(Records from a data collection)

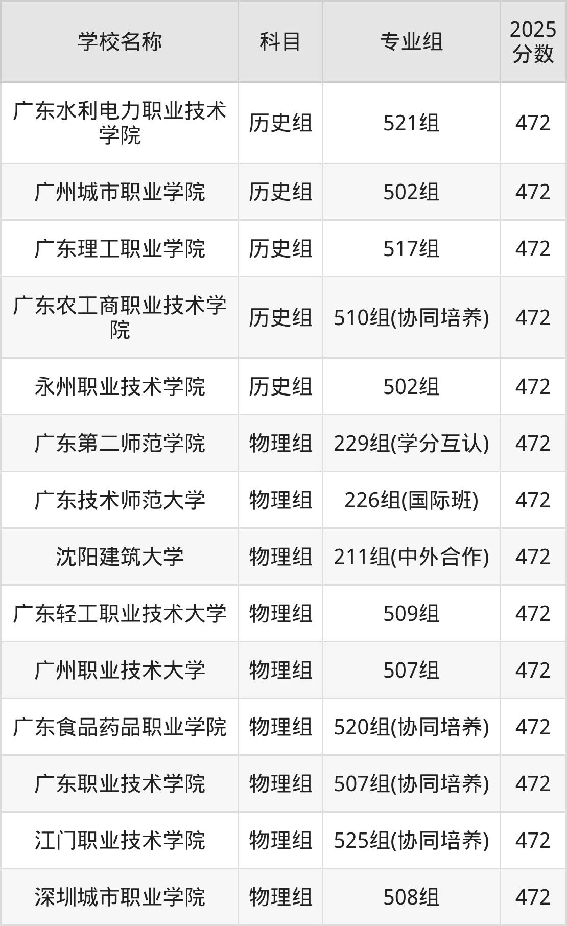 广东高考录取分数线在472分左右的公办院校专业组一共有14个,其中历史组有:广东水利电力职业技术学院(472分)、广州城市职业学院(472分)、广东理工职业学院(472分),物理组有:广东第二师范学院(472分)、广东技术师范大学(472分)、沈阳建筑大学(472分)。
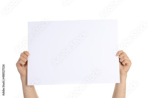 Female hands hold blank banner, isolated on white background
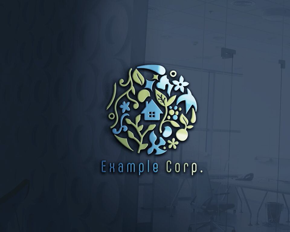 青と黄緑の植物、花、水、そして小さな家を円形に配置した、自然豊かでフレンドリーなロゴです。手書き風の温かいイラストが、オーガニックで уютな印象を与えます。
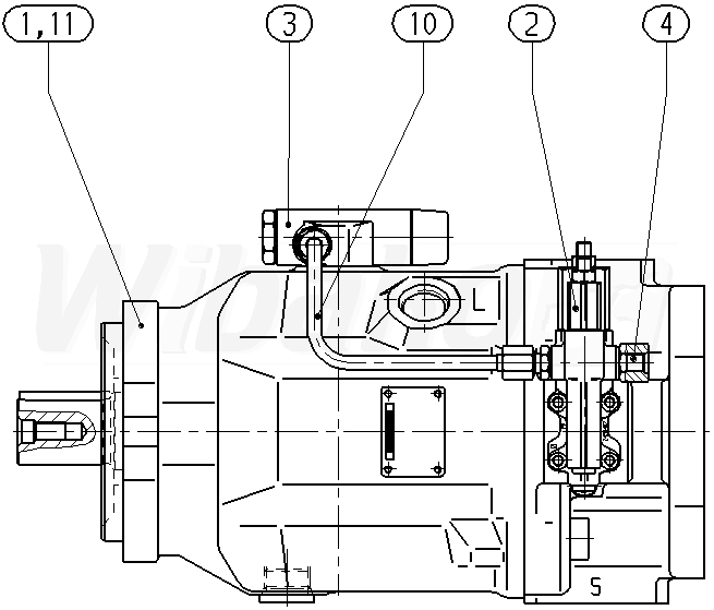 Pompa tłokowa osiowa o zmiennej objętości roboczej A10VS, obieg otwarty, ciśnienie nominalne 280 bar, ciśnienie maksymalne 350 bar. Seria 31. Wielkość nominalna 45 cm3. Ciśnieniowo przepływowy regulator mocy. Uszczelnienia: FKM (kauczuk fluorowy).
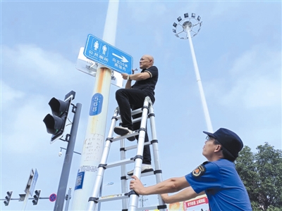 市场星报、安徽财经网(www.ahcaijing.com)、掌中安徽讯(记者 王珊珊 通讯员 全玉梅 文/图)10月9日上午,在合肥市北二环与四里河路交叉口,记者看到,施工人员正将一块掉漆褪色的旧公厕指示牌卸下,换上了崭新的双面居中抱箍式导视牌。“新牌子又亮又清楚,不光找厕所更方便了,看着也比以前结实安全!”家住附近的市民李女士连连称赞。
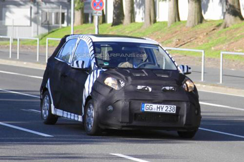 Các tay săn ảnh chụp trộm khi Morning (có tên Picanto khi xuất khẩu) chạy thử trên đường đua Nurburgring, Đức. Kia phát triển sản phẩm tại châu Âu giống như hãng mẹ Hyundai, nhằm tiếp cận tốt hơn với khách hàng ở thị trường khó tính này.
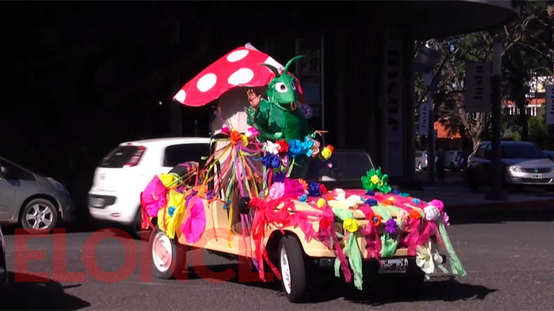 Este sábado, niños del Jardín Sancho Panza, dependiente de la Escuela N°156 "Miguel de Cervantes Saavedra" mostraron su alegría por la llegada de la primavera con una tradicional desfile de carrozas.
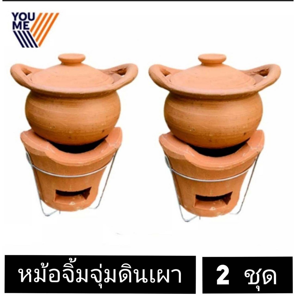 หม้อจิ้มจุ่มดินเผา ชุดหม้อจิ้มจุ่มครบชุด ราคาถูก แบบเตาหนา
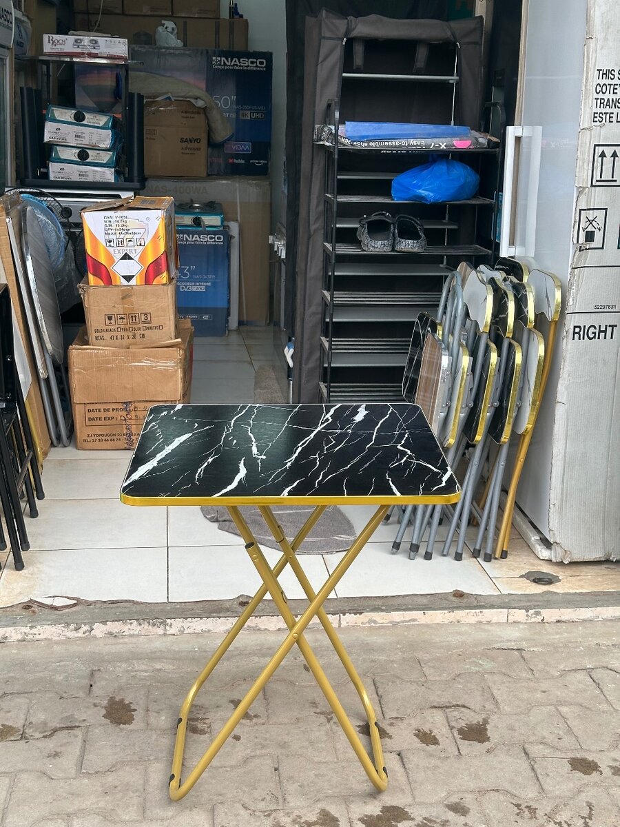 Cette élégante table pliante avec un dessus effet marbre est idéale pour les petits espaces. Pratique et stylée, elle est parfaite pour les repas, le travail ou comme table d'appoint.
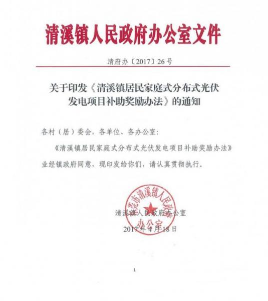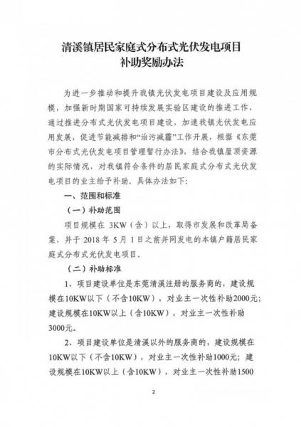 廣東東莞清溪鎮(zhèn)居民家庭式分布式光伏發(fā)電項目補助獎勵辦法 光伏系統(tǒng)工程
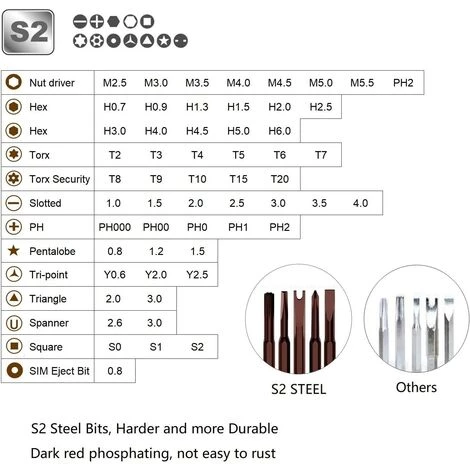 [Hochpräzise S2-Stahlbits]: S2-Stahlbits verfügen über eine hervorragende Verarbeitungstechnologie und Härtungsverarbeitung, und die Härte kann 60 HRC erreichen, was härter und haltbarer ist. Die Bits, die nach der Phosphatierung dunkelrot sind und nicht leicht zu rosten
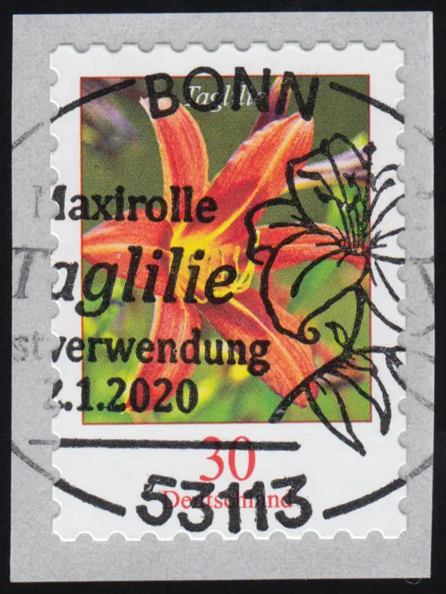 3516 Taglilie 30 Cent sk aus 10000er mit UNGERADER Nummer, EV-O Bonn 2.1.2020

# [Exercise]
Exactly reproduce the lines above, starting at the one that contains "青と黄緑の植物、花、水、そし" and ending at the one that contains "市场星报、安徽财经网(www.ahcaijing.com)、掌中安徽讯(记者 王珊珊 通讯员", both inclusive; leave the pictures out and add no other lines.

# [Your solution]
 青と黄緑の植物、花、水、そして小さな家を円形に配置した、自然豊かでフレンドリーなロゴです。手書き風の温かいイラストが、オーガニックで уютな印象を与えます。
 Pompa tłokowa osiowa o zmiennej objętości roboczej A10VS, obieg otwarty, ciśnienie nominalne 280 bar, ciśnienie maksymalne 350 bar. Seria 31. Wielkość nominalna 45 cm3. Ciśnieniowo przepływowy regulator mocy. Uszczelnienia: FKM (kauczuk fluorowy).
 市场星报、安徽财经网(www.ahcaijing.com)、掌中安徽讯(记者 王珊珊 通讯员 全玉梅 文/图)10月9日上午,在合肥市北二环与四里河路交叉口,记者看到,施工人员正将一块掉漆褪色的旧公厕指示牌卸下,换上了崭新的双面居中抱箍式导视牌。“新牌子又亮又清楚,不光找厕所更方便了,看着也比以前结实安全!”家住附近的市民李女士连连称赞。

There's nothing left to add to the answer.